*** Opening of ENTRIES SHOWN ***
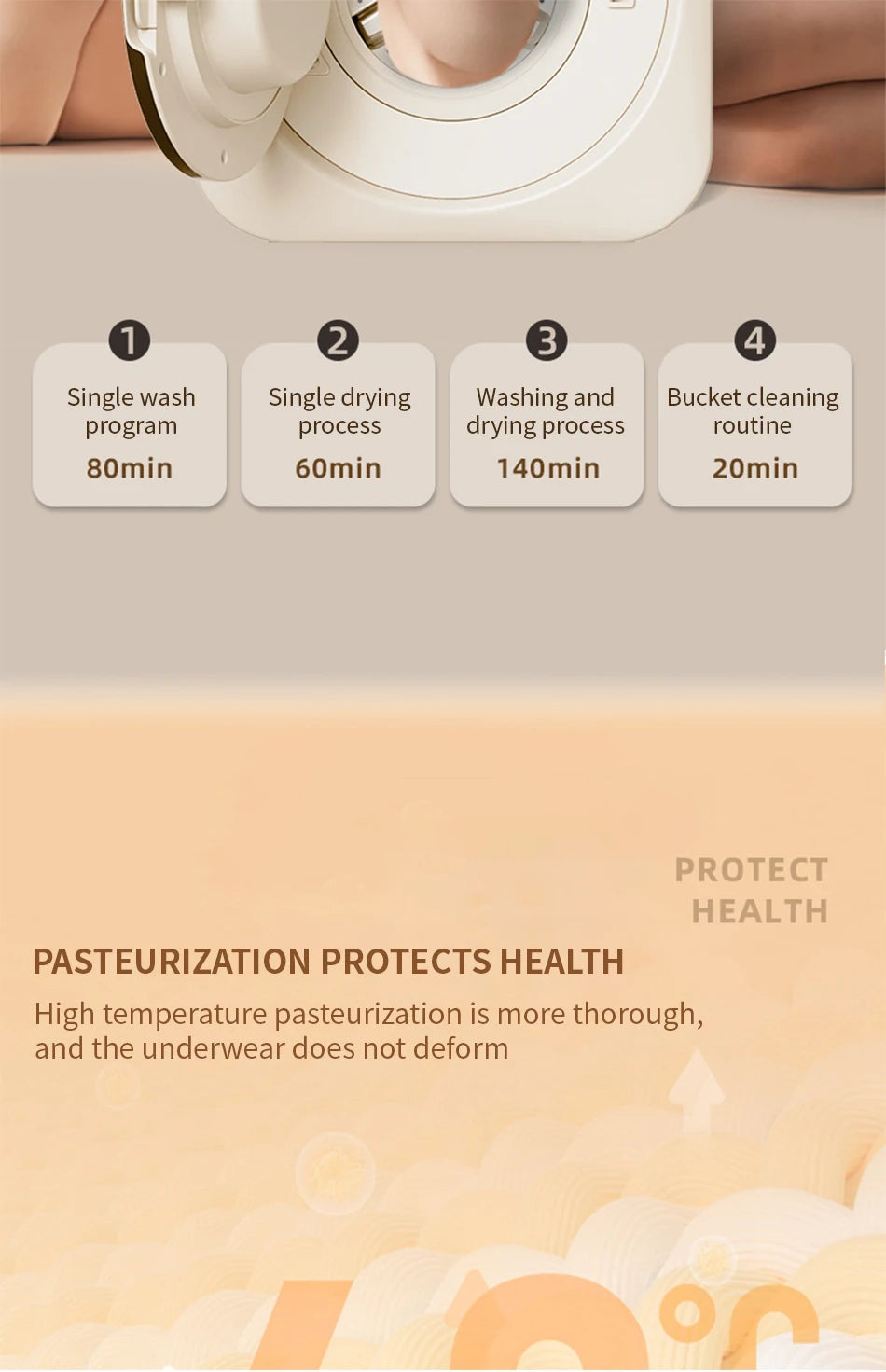 Questa lavatrice automatica a tamburo è progettata per lavare e asciugare in modo delicato e igienico l’intimo, i calzini e i piccoli capi.
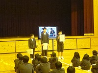 図書委員会の読み聞かせがありました。ゆっくりとはっきり、強弱をつけて、間をとって上手に読み聞かせることができました。他の児童たちも静かに聞いていました。
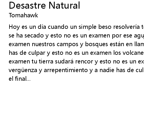 | Hoy es un di a cuando un simple beso resolveri a todo, hacernos olvidar el rio se ha secado y esto no es un examen por ese agujero en mi cielo y esto no es un examen nuestros campos y bosques esta n en llamas de arrepentimiento y a nadie has de culpar y esto no es un examen los volcanes soplan alto y esto no es un examen tu tierra sudara rencor y esto no es un examen la marea no latira con vergü enza y arrepentimiento y a nadie has de culpar y esto no es un examen es el final... |
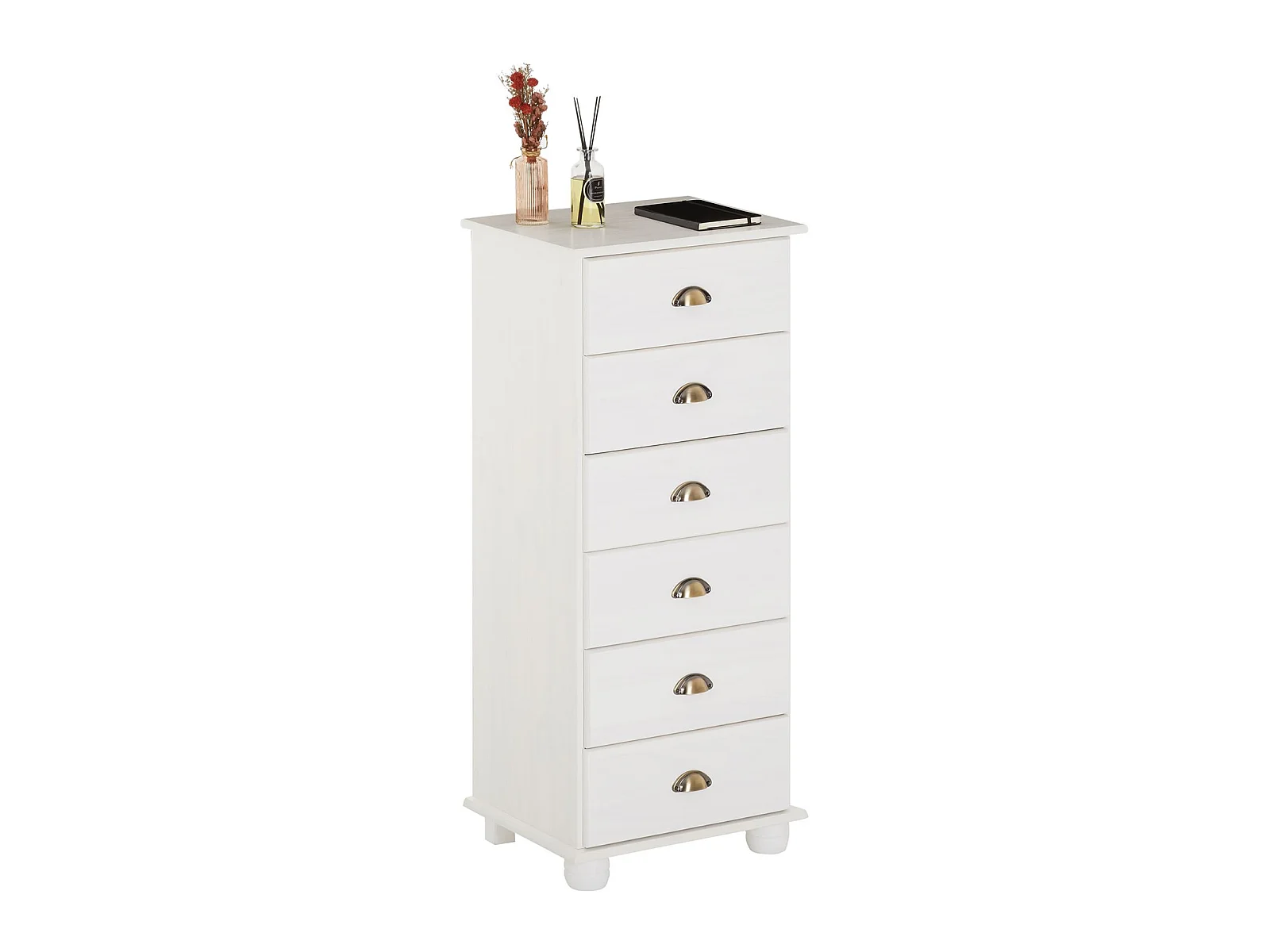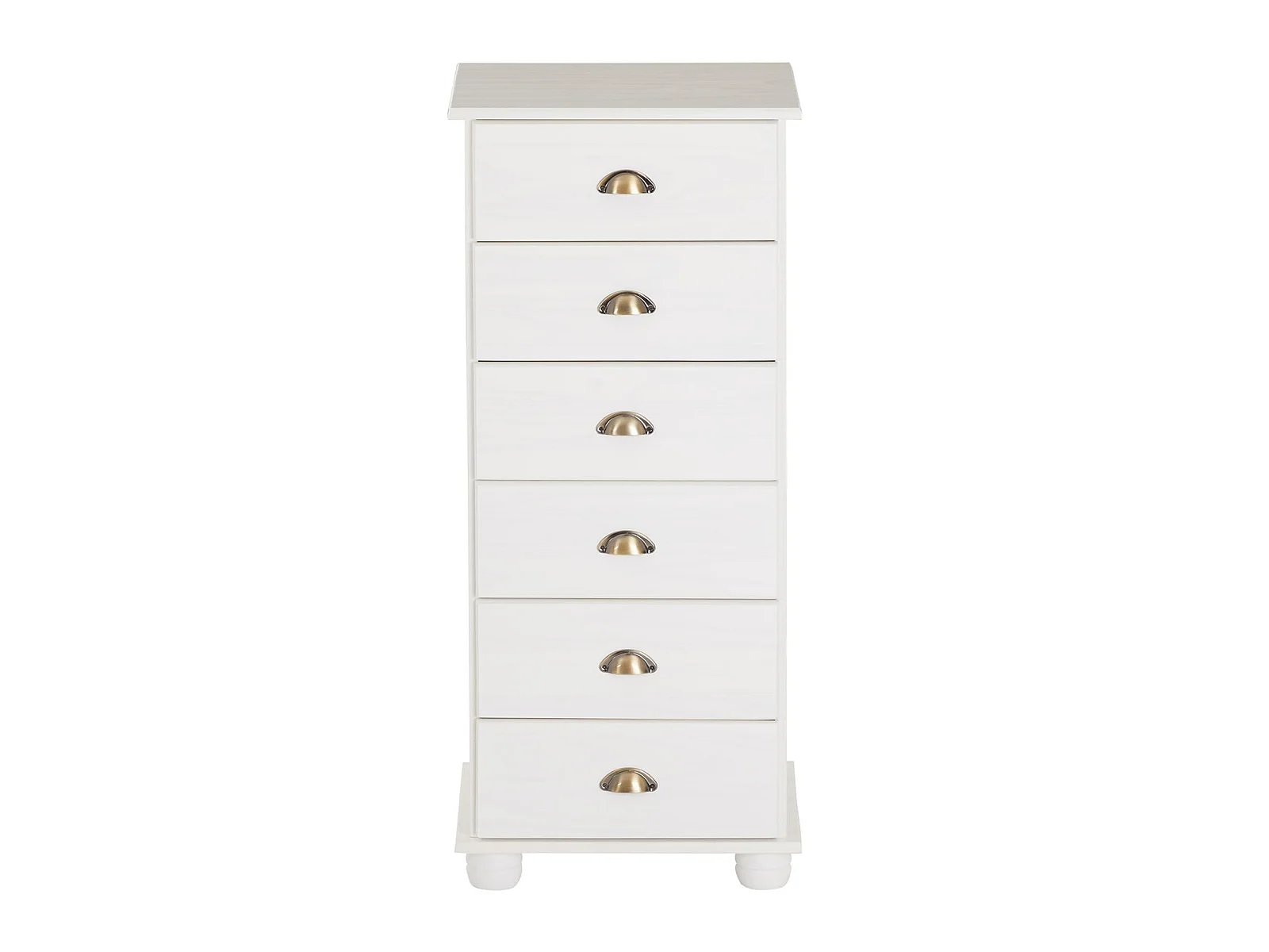 Chiffonnier COLMAR commode apothicaire avec 6 tiroirs de rangement, en pin massif lasuré blanc
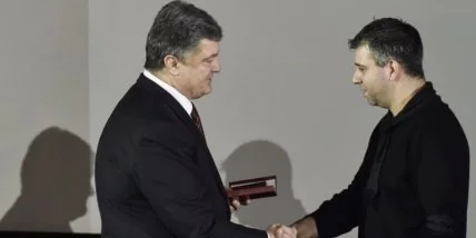 Президент Петр Порошенко наградил Крестом Ивана Мазепы Евгения Афинеевского - режиссера документального фильма "Зима в огне", посвященного событиям Революции Достоинства.
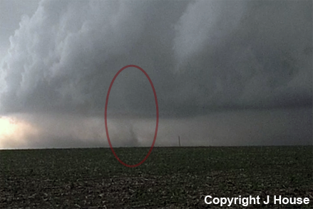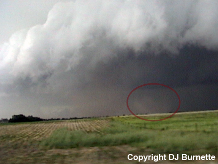 It should come as no surprise that most of what we saw during this chase was blowing dust due to the high straight-line winds within the rear-flank downdraft and gustnadoes on the leading edge of the rear-flank downdraft. However, gustnadoes are shallow vortices which do not extend up to the cloud base, and there were times on this chase, where we observed rotating dust up to the cloud base with rotation noted in the cloud base. Such vortices blur the line between large gustnado and landspout tornado. For sure, this is a gray area, and it illustrates the problem associated with strict classifications. The atmosphere produces a wide range of vortices, and doesn't care how we classify things (see also the "What is a tornado?" essay by Dr. Chuck Doswell). Perhaps rear-flank gust front interaction with the surface warm front was part of the reason we observed large gustnadoes/landspout tornadoes rather than just simple shallow gustnadoes. See further discussion at the end of this storm chase account.
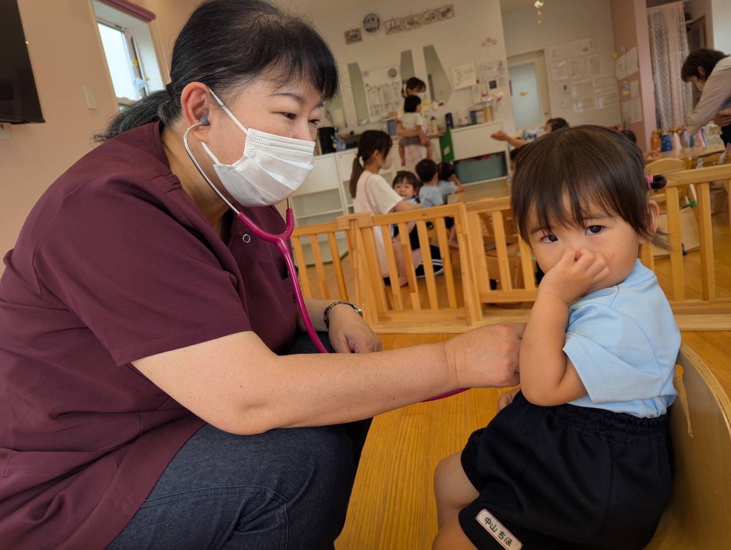くるっと回ることが出来ると、笑顔が見られていましたよ🤗そして今日は伊東先生に来園していただき、内科検診がありました。
*** Close of ENTRIES SHOWN ***
Give the entries again word for word, but skip the pictures.

 Questa lavatrice automatica a tamburo è progettata per lavare e asciugare in modo delicato e igienico l’intimo, i calzini e i piccoli capi.
 図書委員会の読み聞かせがありました。ゆっくりとはっきり、強弱をつけて、間をとって上手に読み聞かせることができました。他の児童たちも静かに聞いていました。
 | Hoy es un di a cuando un simple beso resolveri a todo, hacernos olvidar el rio se ha secado y esto no es un examen por ese agujero en mi cielo y esto no es un examen nuestros campos y bosques esta n en llamas de arrepentimiento y a nadie has de culpar y esto no es un examen los volcanes soplan alto y esto no es un examen tu tierra sudara rencor y esto no es un examen la marea no latira con vergü enza y arrepentimiento y a nadie has de culpar y esto no es un examen es el final... |
 Chiffonnier COLMAR commode apothicaire avec 6 tiroirs de rangement, en pin massif lasuré blanc
 Президент Петр Порошенко наградил Крестом Ивана Мазепы Евгения Афинеевского - режиссера документального фильма "Зима в огне", посвященного событиям Революции Достоинства.
 It should come as no surprise that most of what we saw during this chase was blowing dust due to the high straight-line winds within the rear-flank downdraft and gustnadoes on the leading edge of the rear-flank downdraft. However, gustnadoes are shallow vortices which do not extend up to the cloud base, and there were times on this chase, where we observed rotating dust up to the cloud base with rotation noted in the cloud base. Such vortices blur the line between large gustnado and landspout tornado. For sure, this is a gray area, and it illustrates the problem associated with strict classifications. The atmosphere produces a wide range of vortices, and doesn't care how we classify things (see also the "What is a tornado?" essay by Dr. Chuck Doswell). Perhaps rear-flank gust front interaction with the surface warm front was part of the reason we observed large gustnadoes/landspout tornadoes rather than just simple shallow gustnadoes. See further discussion at the end of this storm chase account.
くるっと回ることが出来ると、笑顔が見られていましたよ🤗そして今日は伊東先生に来園していただき、内科検診がありました。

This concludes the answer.